These are to the best of my knoweledge true

John Kallam graduated with a BA in criminology and entered the U.S. Army. He served for 20 years beginning in the late 1930's. He was an investigator during the Nuremberg trials of Nazi war criminals, and stayed in Germany for many years organizing civilian police forces in the post-war era. He also wrote numerous books on criminal justice. He retired from military service in the late 1950's at the rank of full colonel.

Returning to Fresno, California, he began teaching criminology at what was then Fresno State College. (Later to become the California State University, Fresno.) His work was well respected, but after about ten years of service, he was called to see the president of the college.

He was informed that he could no longer teach with just a bachelor's degree.
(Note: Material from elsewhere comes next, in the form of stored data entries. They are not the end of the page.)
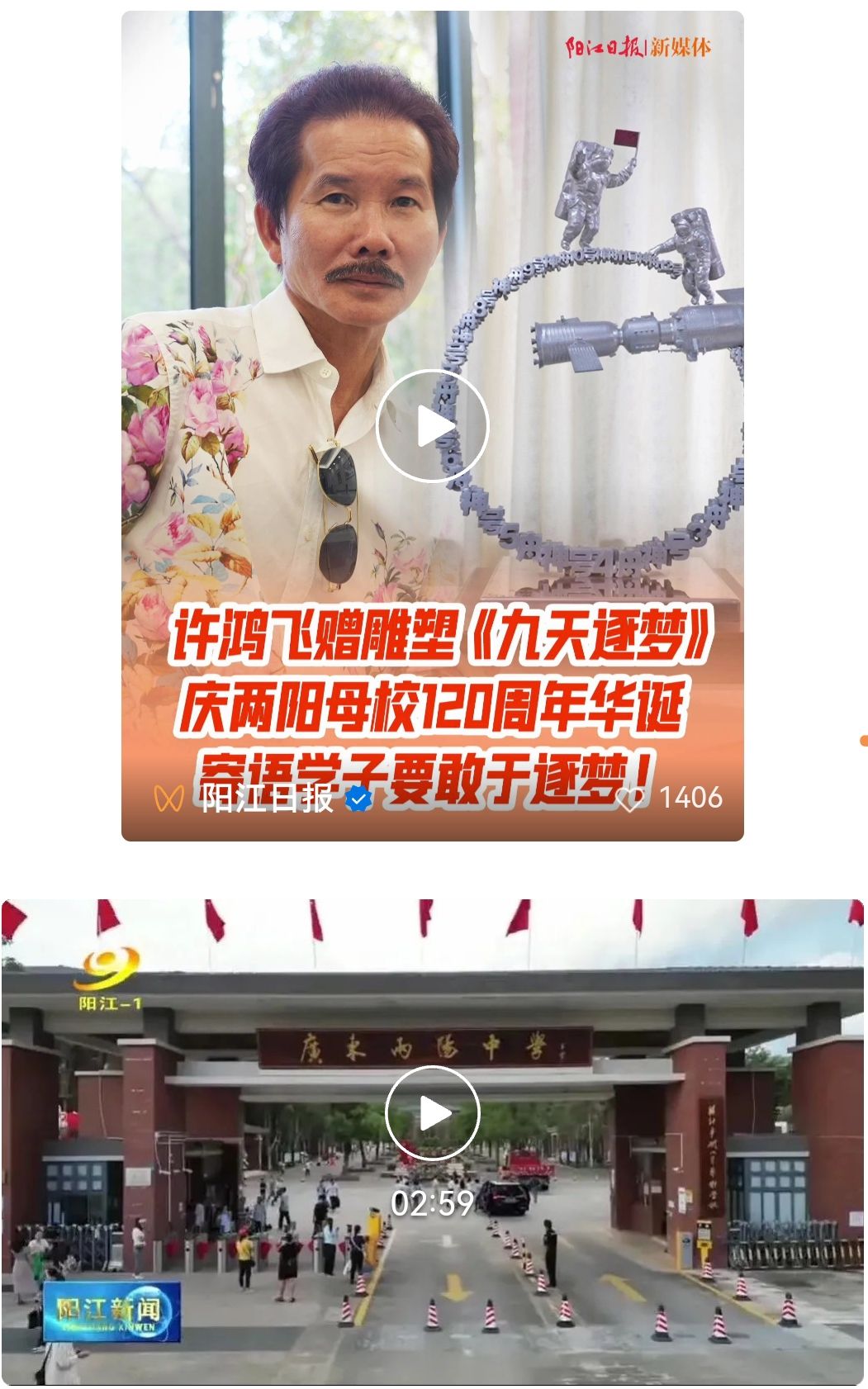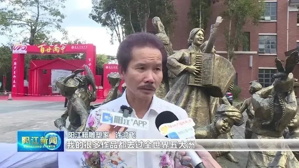 阳江籍雕塑家许鸿飞:我的很多作品都去过全世界五大洲,一下子回到两阳中学有另外一种效果,加上喜庆的作品比较多。这次就把《九天逐梦》送给学校留在这里,学校也是梦想开始的地方,很多东西都是通过这里实现的,《九天逐梦》还是比较适合学校的,在学校读书梦想开始也是在学校,这个是比较有意义的。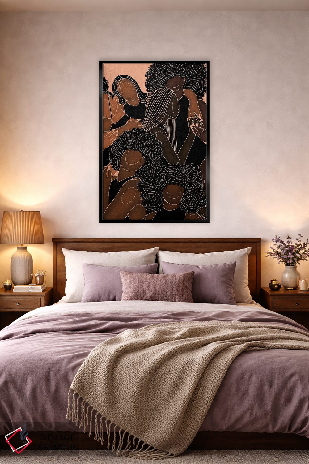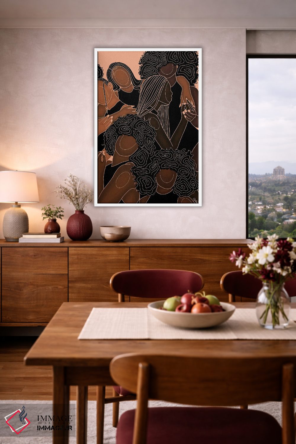 براساس پالت گرم اثر، قاب تیک گرم (چوبی) پیشنهاد اول است و مشکی مات (فریم متوسط) مکمل. برای سفارشهای پروژهای با ابعاد و قابهای اختصاصی با ایماژ در تماس باشید.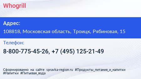 Whogrill по адресу 108818, Московская область, Троицк, Рябиновая, 15 в дальнейшем Организация, размещена в следующих категориях: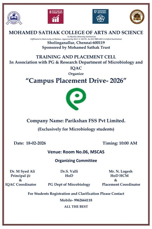 Academic Excellence: Founded in 1991 by the Mohamed Sathak Trust, Mohamed Sathak College of Arts & Science is a coeducational institution in Sholinganallur, Chennai, affiliated with the University of Madras and approved by the AICTE. Offering 19 undergraduate, 9 postgraduate, 2 diploma courses, and 6 research programs, the college is dedicated to educating its 3401 students. The curriculum enhances employability and equips students with the skills needed to tackle corporate challenges.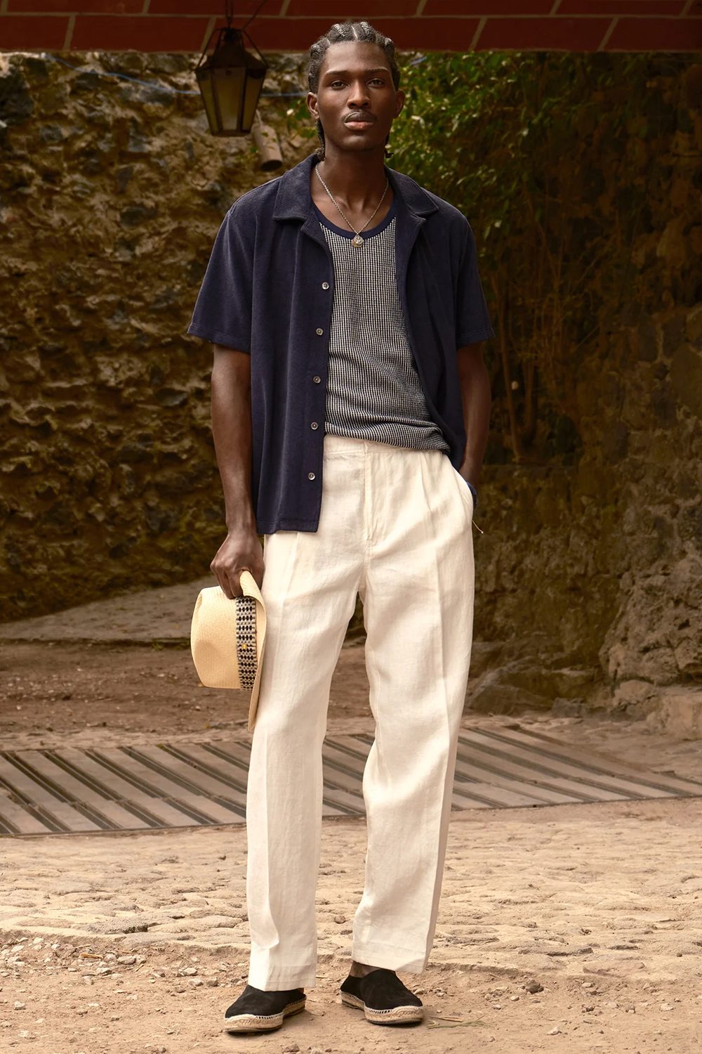 In this case, it’s with a navy vest and terry cloth short-sleeve shirt, neatly bound together by the navy espadrilles. Simple yet very effective, this look also bristles with interesting textures—always a good thing.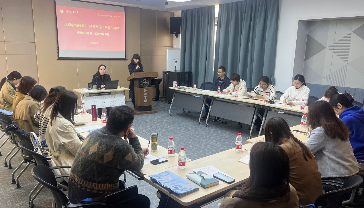 徐玥领学全国“两会”精神,特别是习近平总书记在参加江苏代表团审议和看望参加政协会议的民革、科技界、环境资源界委员时的重要讲话精神,结合学院人才培养、学科建设等实际,重点阐释了有关新质生产力、教育强国建设、“人工智能+”等内容,并对教育部相关部署要求作了详细解读。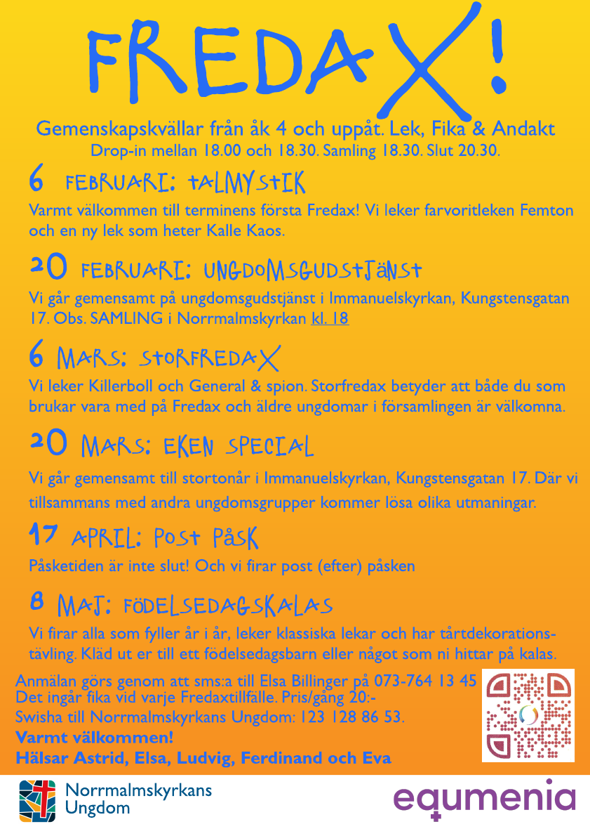 19 jan Fredax! Posted at 09:42h in Aktuellt, Förstasidan, Norrmalmskyrkans Ungdom by Stefan Print page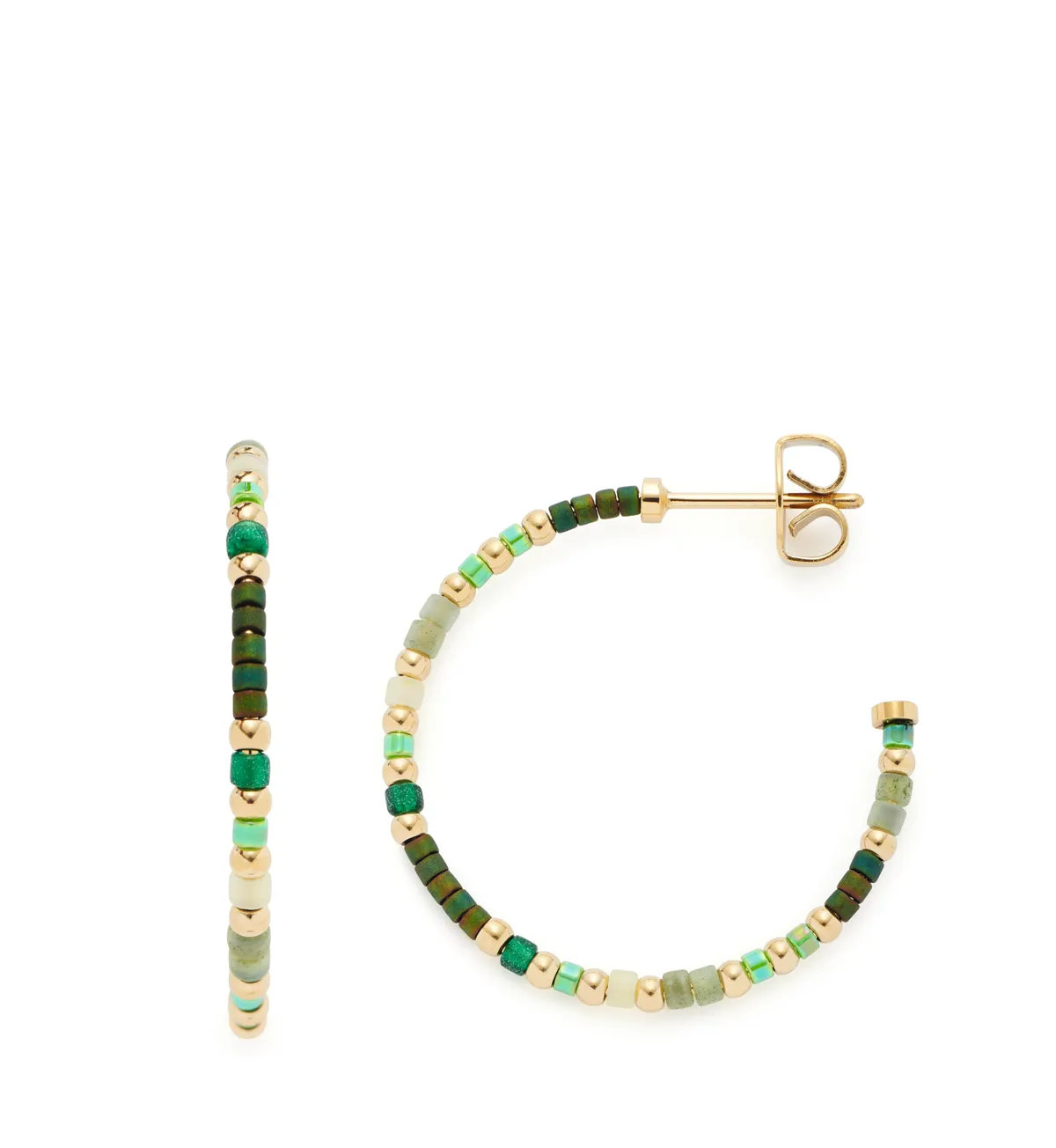 Kruhové náušnice s drobnými mini zelenými korálkami v rôznych odtieňoch zelenej. Drobné japonské sklenené korálky Miyuki Delica zoradené tesne vedľa seba a zlaté iónové mini korálky z nehrdzavejúcej ocele vytvárajú harmonickú súhru.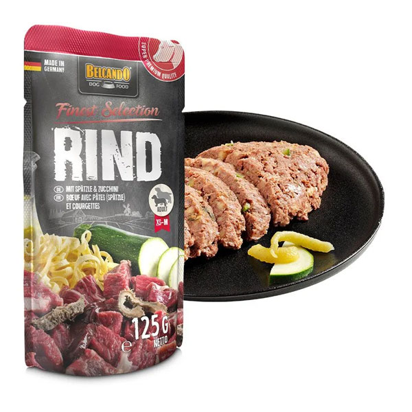 پوچ سگ بلکاندو طعم گوشت گوساله با ماکارونی و کدو سبز - وزن (125 گرم)

Times were changing, he was told, and the school demanded that faculty members hold a graduate degree. Merely having 20 years of distinguished experience was no longer considered sufficient qualification to teach. All new faculty were being required to hold a doctorate, it was explained, and the school was actually doing him a favor by letting him keep his job by getting "only" a master's degree.

So John enrolled in a summer program at an out of state college. Three months of intensive seminars and then nine months of home study would get him his MA.

On the first day of class, the instructor was taking roll. He stopped when he read John's name. "Are you related to the John Kallam who wrote the textbook we'll be using?" he asked.

"I am the John Kallam who wrote the textbook you're using," came the dry response.

A 10pm curfew was imposed in Belfast, and everybody had to be off the streets or risk being shot. However one citizen was shot at 9.45pm.

"Why did you do that?" the soldier was asked by his superior officer.

"I know where he lives," came the reply, "and he wouldn't have made it."

This is supposedly a true story from a recent Defence Science Lectures Series, as related by the head of the Australian DSTO's Land Operations/Simulation division.

They've been working on some really nifty virtual reality simulators, the case in point being to incorporate Armed Reconnaissance Helicopters into exercises (from the data fusion point of view). Most of the people they employ on this sort of thing are ex- (or future) computer game programmers. Anyway, as part of the reality parameters, they include things like trees and animals. For the Australian simulation they included kangaroos. In particular, they had to model kangaroo movements and reactions to helicopters (since hordes of disturbed kangaroos might well give away a helicopter's position).

Being good programmers, they just stole some code (which was originally used to model infantry detachments reactions under the same stimuli), and changed the mapped icon, the speed parameters, etc. The first time they've gone to demonstrate this to some visiting Americans, the hotshot pilots have decided to get "down and dirty" with the virtual kangaroos. So, they buzz them, and watch them scatter. The visiting Americans nod appreciatively... then gape as the kangaroos duck around a hill, and launch about two dozen Stinger missiles at the hapless helicopter. Programmers look rather embarrassed at forgetting to remove that part of the infantry coding... and Americans leave muttering comments about not wanting to mess with the Aussie wildlife...

As an addendum, simulator pilots from that point onwards avoided kangaroos like the plague, just like they were meant to do in the first place...

When I was in the Air Force, they had a weekly paper. It had a lost and found section. One day I was reading it and saw this: "Found, one black boy's bicycle".

Wonder how they knew?

A man walked into a Circle-K, put a $20 bill on the counter and asked for change. When the clerk opened the cash drawer, the man pulled a gun and asked for all the cash in the register, which the clerk promptly provided. The man took the cash from the clerk and fled -- leaving the $20 bill on the counter. The total amount of cash he got from the drawer? Fifteen dollars.


Thirty years ago, when the Air Force needed a large cargo plane, it put out a list of specifications that took up less than 8 pages. Lockheed responded with a proposal 3/4" thick, which resulted in a huge plane named the Hercules. In 1980, when the Air Force needed a new cargo plane, it issued specifications that took up 2,750 pages. Lockheed's proposal alone weighed 6,600 pounds. To deliver it, the company used one of the old Hercules cargo planes.